I realize one can get 'lost' in reverie or even live in the past, neither very beneficial for yourself and those around you. But I also realize that many of us, myself included, don't take the time to zakar and that sin of omission renders us a bunch of ingrates, a condition that seems to be rampant these days and, I believe, an aroma quite unbecoming for one who once prayed Jesus into his heart to stay. Advent is a time of looking ahead, no doubt, but it is also a time of raising the question - 'our lives are precious, aren't they?' and remembering, often with words not spoken, the answer - 'Yes, yes they are.'



     

Joachim

Have you ever wondered about Mary's father? Scripture is silent in regard to him, tradition names him Joachim... 
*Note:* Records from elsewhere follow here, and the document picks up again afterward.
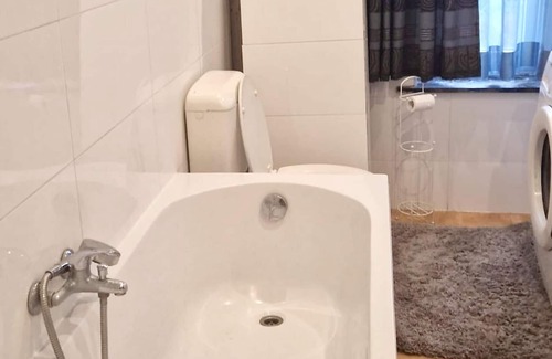 The house features central heating, cleaning products, a fan, ironing equipment, a vacuum cleaner and a washing machine.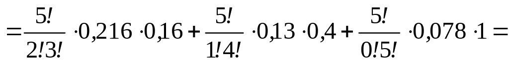 Вероятность попадания стрелка равна 0,6. Какова вероятность того, что при 4 выстрелах он поразит мишень не менее 2-х раз?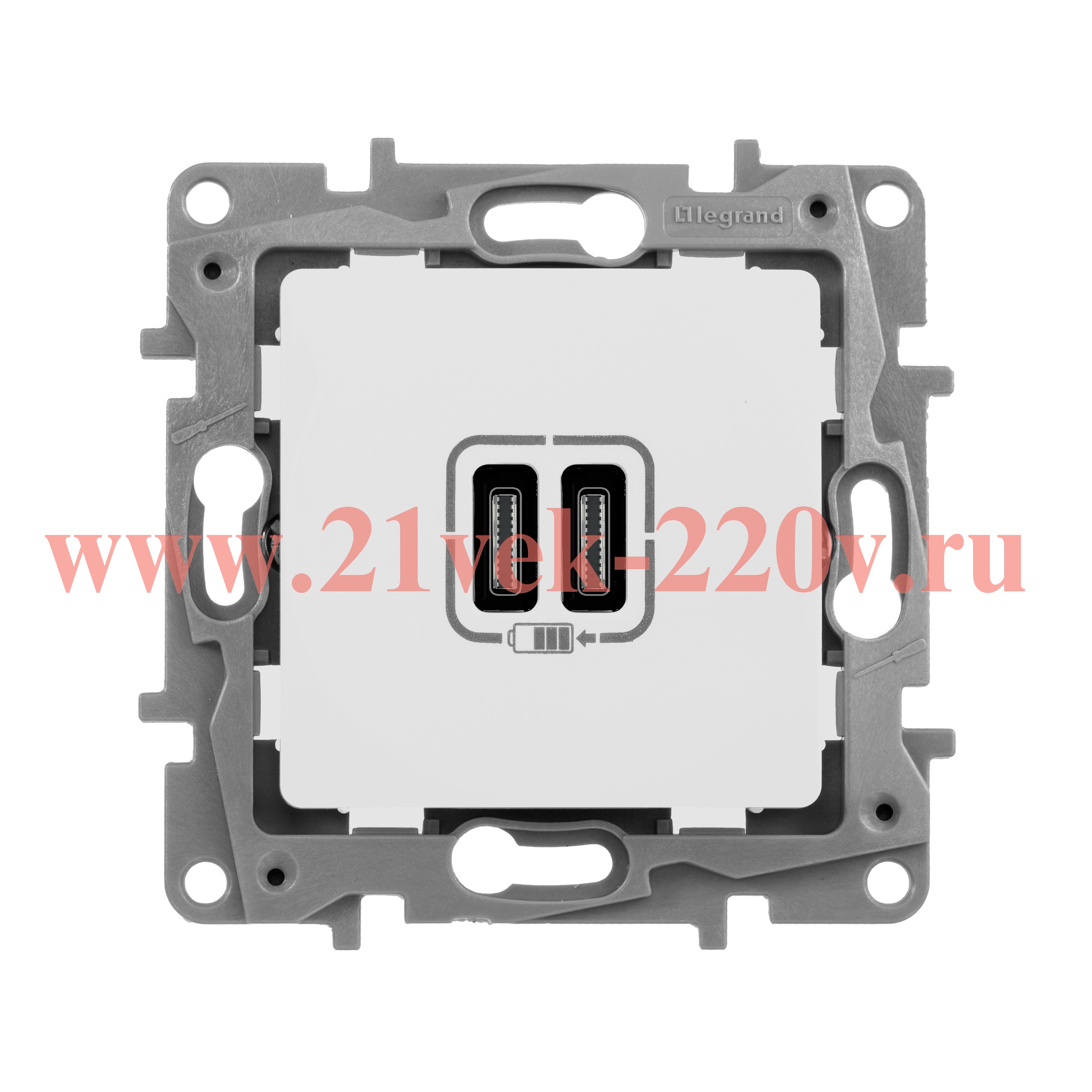 Устройство зарядное с двумя USB-разъемами Type C, 240В/5В 3000мА Легранд (Legrand) серии Этика (Etika). Цвет - алюминий.

Born under the moon’s nail,
long expected, carried low
as was my prayer.
Unto us a child was born,
yet not to carry my name.
But children are a gift from God,
what’s born is born.
She would smile at my voice,
stitching herself to me,
a hem of grace
to my half-lived life.
Oh, Mary.

Then it all unraveled,
the veil of promise torn.

Through tears we witnessed
her jubilant shriving:
a tale of angel
and favor and son.
She spoke as one changed,
not older, but larger, magnified.
But who could believe such things?
By day her mother murmured
all things are possible.
By night she paced.
Me? I wept alone.
Oh, Mary.

Whoever the father is,
I wrestle with him in dreams.








Parson's Prayer...

What if I'm not ready?
Not ready for December,
and carols and Rankin-Bass?
I'm no Scrooge, lord knows,
or a foolish virgin (actually, scratch the virgin part)
its just my ivy's
not feeling that holly...
at least not yet.
If someone said well ready or not, its coming
I'd be tempted to shoot their partridge
and that's not christian, lord knows.
So help me, help us get ready. Amen.